# Streamlight Sidewinder Review



## subwoofer (May 20, 2012)

I’ve recently received four lights from Streamlight for review, the Sidewinder, PolyTac 90, Night Com UV and Sidewinder Compact II.

This is the first review of this series of four Streamlight lights and I’m starting with a distinctive light that has been around since 2007 (and updated in 2009 to the C4 LED), the Sidewinder.

Designed as a replacement for the older incandescent fixed right-angle military lights, the Sidewinder offers much more and is still relevant today.

The Sidewinder itself has three different versions each providing slightly different characteristics to fine tune the output to the individual user’s requirements. On test is the Sportsman version.









Initial Impressions:

The Sidewinder really is something a bit different.
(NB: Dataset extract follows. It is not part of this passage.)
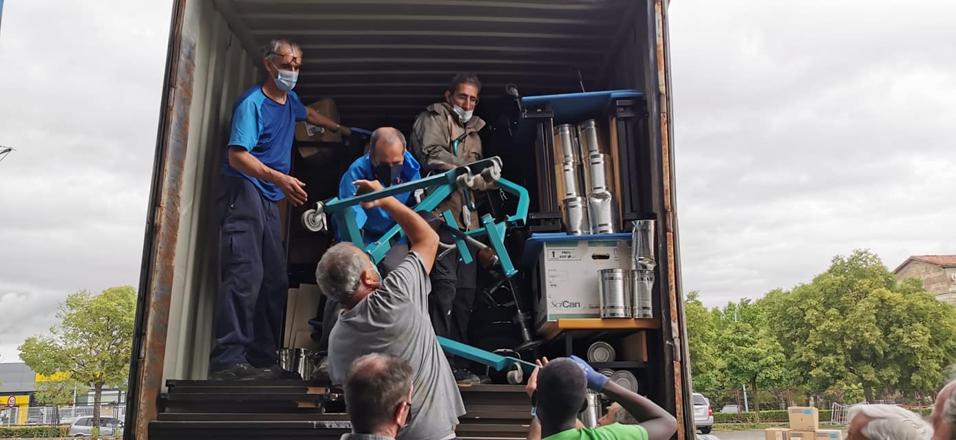 Nuestro envío contenía material para cirugía oftalmológica, microscopios manuales, columnas de anestesia, ecógrafos, una máquina de extracorpórea, elementos mecánicos de rehabilitación, medicación, material escolar, pupitres, ordenadores, impresoras, ropa deportiva, ropa infantil y de adulto, conservas de alimentos vegetales, mobiliario para escuelas y formación profesional, cunas-incubadoras para prematuros fabricadas por Medicina Abierta al Mundo por medio de la colaboración de Salesianos e ingenieros jóvenes, etc.

Love or hate its looks, call it ugly, industrial, or functional, but its design serves its function perfectly.

We are used to multiple emitters in lights these days, but usually to boost output; the Sidewinder uses four different emitters to give the user 20 different colour/brightness output options in one light.

Despite not looking ergonomically designed, the Sidewinder handles very well and is comfortable to use. Its adjustable angle head makes it possible to use the light in many different ways from a standard light to a MOLLE-mounted right-angle light.



What is in the box:

The Sidewinder comes in the blister-pack type of packaging.









It is simply supplied with an instruction manual and two Energizer Alkaline AA batteries.








Taking a closer look and looking inside:

Viewed from the front, with the head set in the 90° position shows the Sidewinders polycarbonate lens and the four emitters.






The head moves a total of 185° and is shown here straightened to make the Sidewinder more like a traditional light. Near to the head joint you can see the alternate fixing point for the clip. This allows you to choose which side to have the clip on depending on how you hold it and want to operate the switch.






As supplied the clip position seems to suit right-handed users. The clip is sturdy, and made of coated steel. IT allows for belt, MOLLE, and with the ACH mount, helmet mounting options.






Looking more closely at the LEDs, the white emitter is Streamlight’s C4 emitter (though C4 seems to cover many different LEDs) and the three standard 5mm coloured LEDs, red and blue either side of the green. The green LED is an infra-red LED on the military version.






The tailcap is secured with a metal thumb screw and is flat, allowing tail-standing and it will tail-stand even with the head at 90°.






In line with its military design, the tailcap is captive, being secured by a metal wire tether.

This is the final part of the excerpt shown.